I was thinking a lot about being a Mom as Mothers day approached. I found I'm completely happy and fulfilled being a stay at home mom! This rather surprised me when I realized that. I've always been a very independent person. I have my own business, doing massage at my home. I still have dreams of owning and running a spa someday. I was worried "just" being a Mom wouldn't be enough. I think that's part of the reason why I clung so desperately to my private clients. I didn't know how I would feel about myself if I wasn't working in some way. If I wasn't contributing to our income, to our household, to society. I still love doing massage but I'm falling less in love with working and more and more in love with my beautiful son! I'm finding great joy in actively working with him to help him in his development. I love watching him grow and learn. I'm finding pride and satisfaction in keeping my house in order (ha I laugh reading that since I'm horrible at it! I should say find pride in attempting the rare fleeting moments when parts of my house are clean! :). I'm thoroughly enjoying trying to new recipes and making delicious meals for my little family. There was a time I would not have even been able to imagine being so content in this roll, but I am.
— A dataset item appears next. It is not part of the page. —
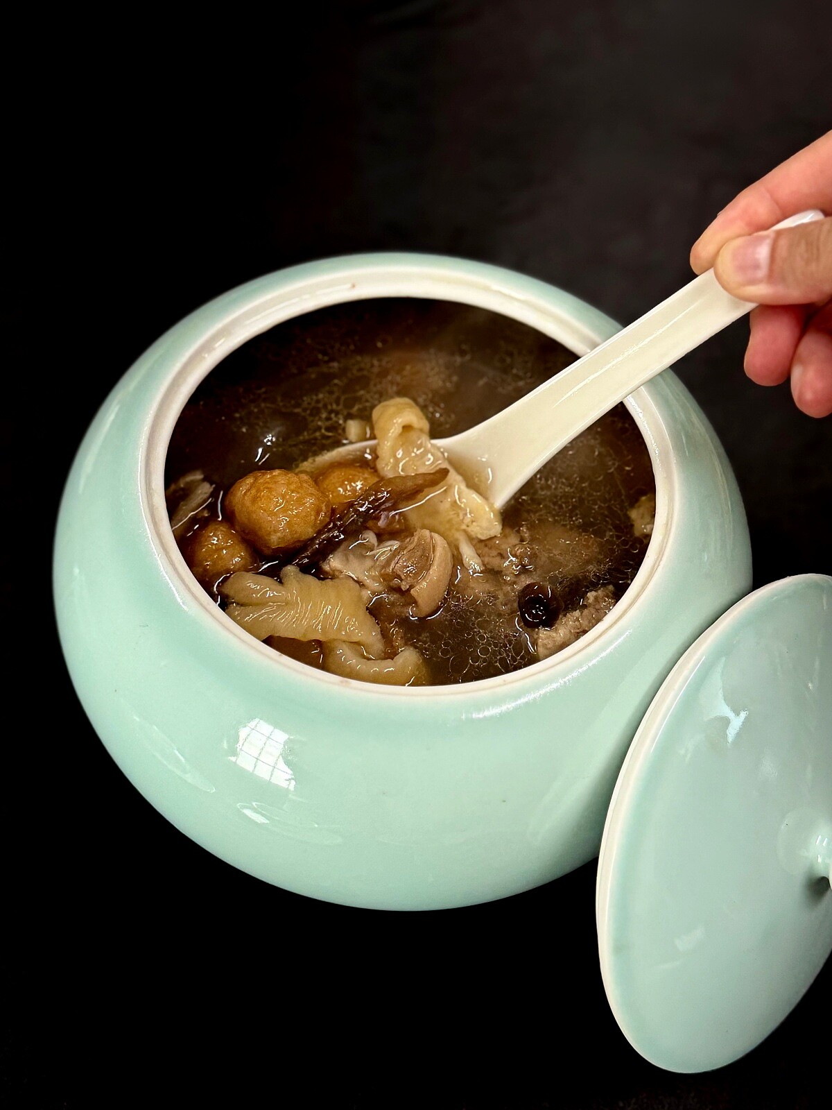 以花膠取代魚翅,呼應當代價值;搭配安達窯器皿,顯得雅緻而穩重。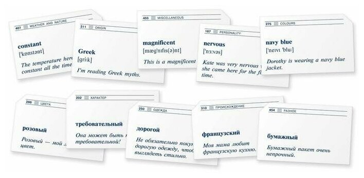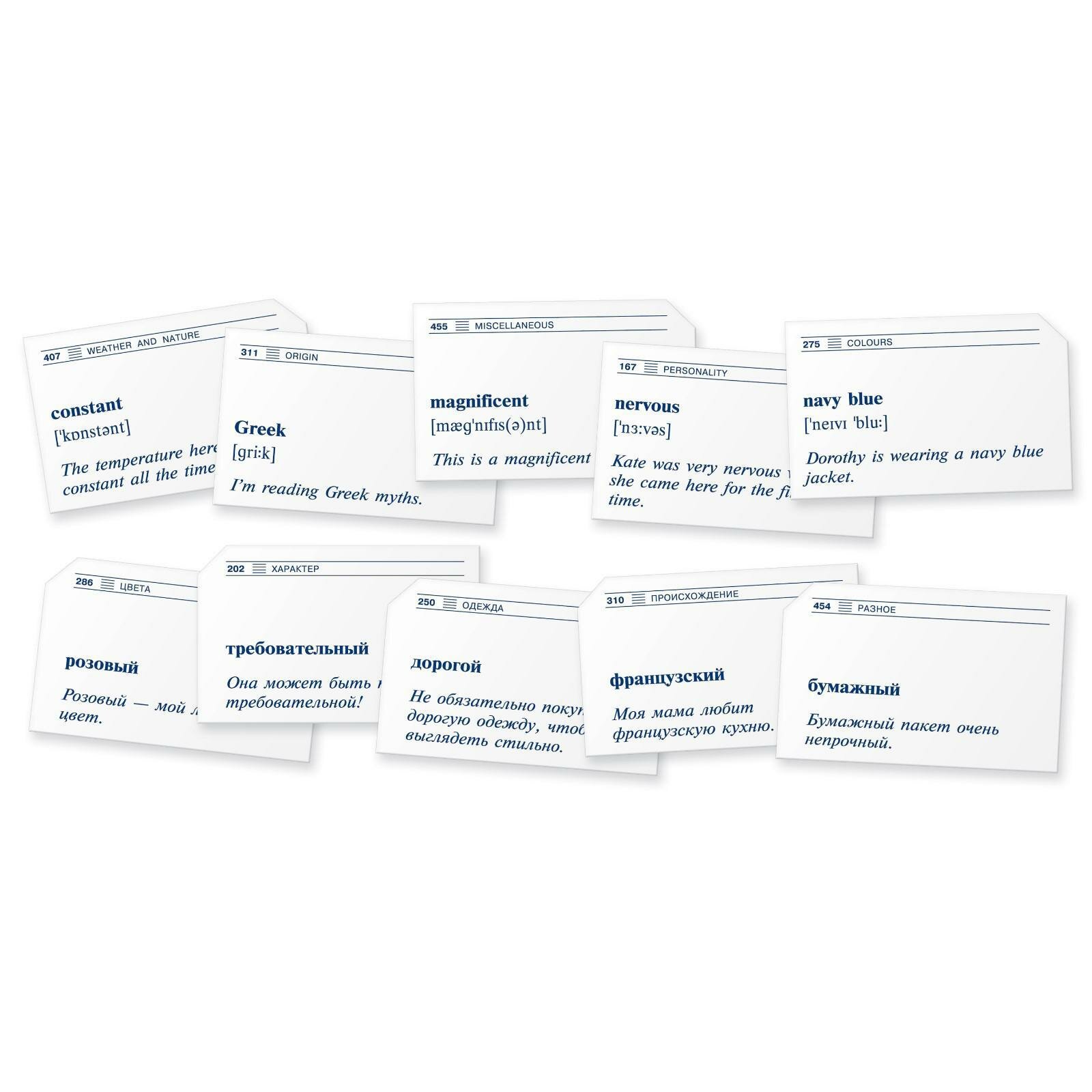 Прилагательные разделены на 8 тематических блоков и имеют сквозную нумерацию. Учить слова на карточках можно в транспорте, на пляже — везде, где есть свободная минутка и желание пополнить собственный словарный запас. С помощью этих карточек вы быстро овладеете наиболее употребительными английскими прилагательными. Перед тем как отправиться в ресторан, в отель, за покупками, пролистайте карточки по интересующей вас теме, и вы почувствуете себя намного увереннее. Мы рекомендуем учить слова двумя способами. Сначала посмотрите на английскую сторону карточки, прочитайте слово и попытайтесь вспомнить его значение. Если вспомнить перевод не удаётся, обратитесь к примеру употребления или посмотрите на обратную сторону карточки и отложите её в стопочку для повторения. Когда вы сможете вспомнить перевод каждого прилагательного, переверните стопку карточек и попробуйте перевести русские прилагательные на английский язык.

I also think about how I truly savor every moment of motherhood! I don't know if I can say that I appreciate being a Mom more because I waited for it longer then most, and worked harder for it then most, and spent more money to become a mommy then most....BUT I might just say that I do! Whether it's true or not I'll never know. All I know is there is no way to measure the gratitude I feel at being blessed with this sacred responsibly and blessing! I still, eight months in, get misty eyed thinking about it! I really feel like I should write more, but there are just no words! Just know my heart overflows with love for my sweet child, and my dear husband both of whom with out I would not have the sacred title of Mom!









3 comments:

Heather said...

Great picture of you and Croix, just love it! Thanks for sharing your thoughts, I echo the same.

Kalena and Justin said...

Love the pic and what can I say you make most of us misty eyed with you posts about being a mom. Thanks for reminding the rest of us what a great title it is.

Stephanie and Cody Sunderhaus said...

That was so sweet! I didn't know that you guys had to work so hard for him! And I agree that it does make you appreciate motherhood more. And those who have to try harder and lose a baby is also to me so much sadder... so anyway... I do agree.